Un des guides nous a dit « Faites ce que je vous ai dit, n’ayez pas de crainte, vous êtes des étrangers mais vous ne l’êtes plus vraiment depuis que vous avez jeté les pièces dans l’eau mais faites attention tout de même, la rivière se met souvent en colère et elle a déjà emporté beaucoup d’étrangers en notre présence. Suivez bien les consignes, ne paniquez pas et restez bien accrochés à nous jusqu’à l’autre côté ». J’ai imploré le ciel et je me suis accroché à l’épaule de mon guide, mon sac se balançait au bout de mon bâton qui m’aidait à progresser pas à pas. L’eau nous arrivait jusqu’au cou, et on est finalement arrivé. La traversée avait duré exactement 26 minutes. Les guides sont partis car ils avaient leur business à faire et nous on s’est reposé. Après, les gens du village qui avaient été avertis de notre arrivée nous ont mis sur la bonne voie. On avait passé la frontière.

Cette fois-ci, on était seuls mais on savait quoi faire, on a suivi les consignes, on a jeté la pièce et on a passé le pont de liane comme d’habitude, on avait moins peur et de l’autre côté on a marché, on était arrivé dans la grande savane et peu après on arrivait dans la ville de Cross river au Nigeria....

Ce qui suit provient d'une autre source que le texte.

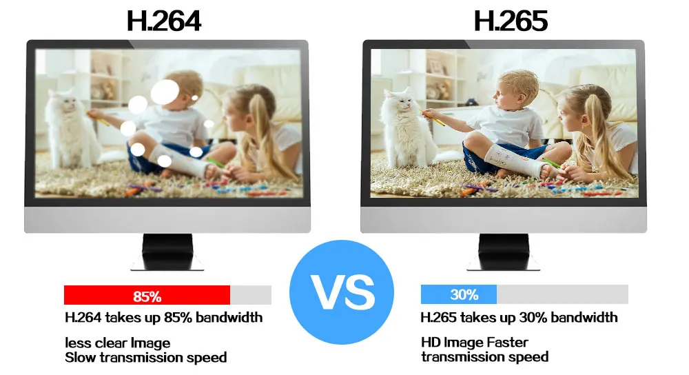 H.265 более четкий, HD разрешение предлагает вам лучшее качество изображения в более низкой скорости. Экономьте больше места для хранения, вы можете уменьшить размер файлов 40%-50%, сэкономить место для хранения HDD и снизить стоимость покупки.
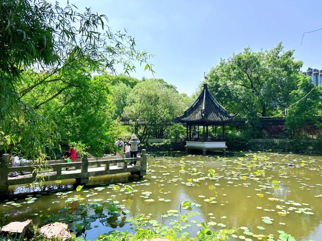 上午9点半,记者在上海五大古典园林之一的醉白池公园看到,已经有不少游客特意赶来享受一年一度的门票半价福利。春夏之交,绿肥红瘦的园林景致正适合观赏,放眼望去,树荫成片,或墨绿,或青绿,在蓝天白云的映衬下,恰似一幅幅唯美的画卷。园内石榴花、睡莲等竞相开放,在郁郁葱葱的绿叶中点缀上一抹抹亮色,引得游客们不禁驻足、拍照。
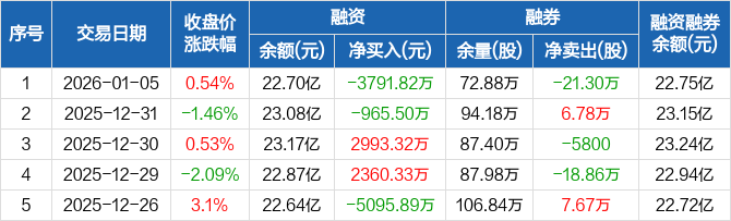 兴业证券:融资净偿还3791.82万元,融资余额22.7亿元(01-05)
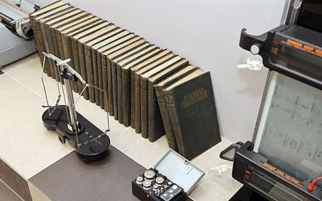 Роўным радам стаяць энцыклапедыі рэдакцыі 1924 года і наступных гадоў. Пад экспанаты, якія адлюстроўваюць кожны від экспертызы, адведзены асобныя стэлажы.
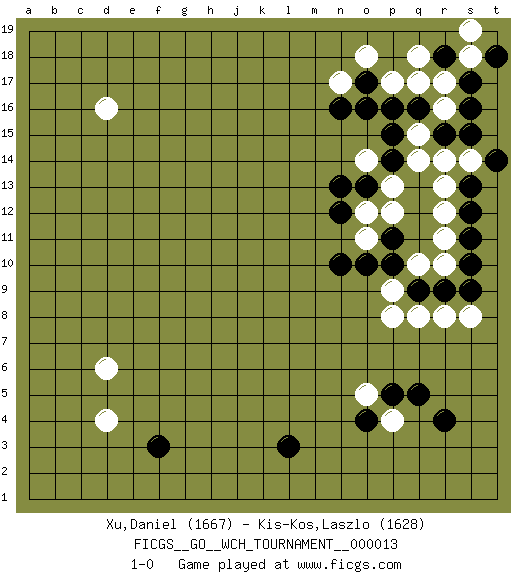 Last move : 1-0 2015 July 21 19:32:40 [Event "FICGS__GO__WCH_TOURNAMENT__000013"] [Site "FICGS"] [Date "2015.07.02"] [Round "1"] [Black "Xu,Daniel"] [White "Kis-Kos,Laszlo"] [Result "1-0"] [Rating 1 "1667"] [Rating 2 "1628"] 1.q16 d4 2.r4 d16 3.f3 d6 4.l3 r10 5.q9 q10 6.r9 p9 7.p10 p8 8.p11 r8 9.s9 s8 10.s10 p4 11.p5 o5 12.q5 q8 13.o4 r11 14.s11 r12 15.s12 r13 16.s13 r14 17.s15 s14 18.t14 p13 19.n10 r16 20.s16 r17 21.r15 q15 22.p15 q14 23.s17 q17 24.p16 p17 25.o17 o18 26.n16 n17 27.o16 s18 28.r18 q18 29.t18 s19 30.o13 o14 31.p14 o12 32.n13 p12 33.n12 o11 34.o10 1-0 Here are the names of the openings (joseki) played in the four corners : Corner d4 : d4 f3 Hoshi (Hwajeom, Seongjeom, Xingwei`) 4-4 Point. The star or hoshi (4-4) point, emphasizing influence at the potential expense of territory. Ikken Kakari (Hankan Keolch'im, Yi Gua`jiao~, 1-Space Low Approach). Black 2 is the standard approach move to the 4-4. Player Black won this Go (weiqi, baduk) game. Follow this game move after move (download)In an unreasonable situation, an unreasonable move is reasonable. (Tamino) Indecision is the key to flexibility. (Unknown)

Dans les deux situations évoquées, les prières adressées aux puissances féminines salvatrices sont parvenues à transcender l’angoisse suscitée par la dangerosité perçue de ces lieux étrangers et inconnus. Les demandes de protection adressées à la Vierge Marie et à la déesse aquatique se sont exprimées par le rituel du chapelet égrené et de la pièce de monnaie lancée dans les flots grondants. Ces rituels ont un pouvoir immense et ne facilitent pas seulement le passage des obstacles naturels que représente la traversée dangereuse du désert puis celle du torrent qui sont aussi des frontières géopolitiques. Le petit rituel de la pièce jetée dans les flots grondants permet de se concilier les forces de la nature, de renforcer la confiance des passeurs et d’apaiser les angoisses des voyageurs. Ce rite de passage qui se fait en trois étapes fait glisser subtilement du doute à la confiance, de la peur à la sécurité et de l’étranger au familier. Dans les sociétés traditionnelles, les rituels d’initiation marquent l’entrée du jeune adolescent dans la communauté des adultes et le responsabilise afin qu’il assure la continuité de celle-ci. Ici, le rituel d’initiation imposé par le passeur marque l’entrée du nouveau-venu dans le groupe de ceux qui vont bientôt se définir comme des « clandos ». Il le responsabilise pour qu’il arrive à surmonter ses peurs et à assurer sa propre survie. En l’intronisant dans le monde de la clandestinité qui le fait affronter l’inconnu et le un danger, le passeur lui donne la première clé. La transmission du savoir-passer se fait par un apprentissage didactique, par paliers, et débute à l’insu même des nouveaux venus. Nous verrons tout au long de cette recherche que le parcours du transmigrant et de la transmigrante est fait d’associations ponctuelles et efficaces dont le caractère est transitoire et éphémère. Ce parcours est balisé par la présence de guides ou de passeurs expérimentés qui sont des intermédiaires avec les sociétés locales (dont ils sont parfois issus) mais dont la fonction même est passagère et transitoire.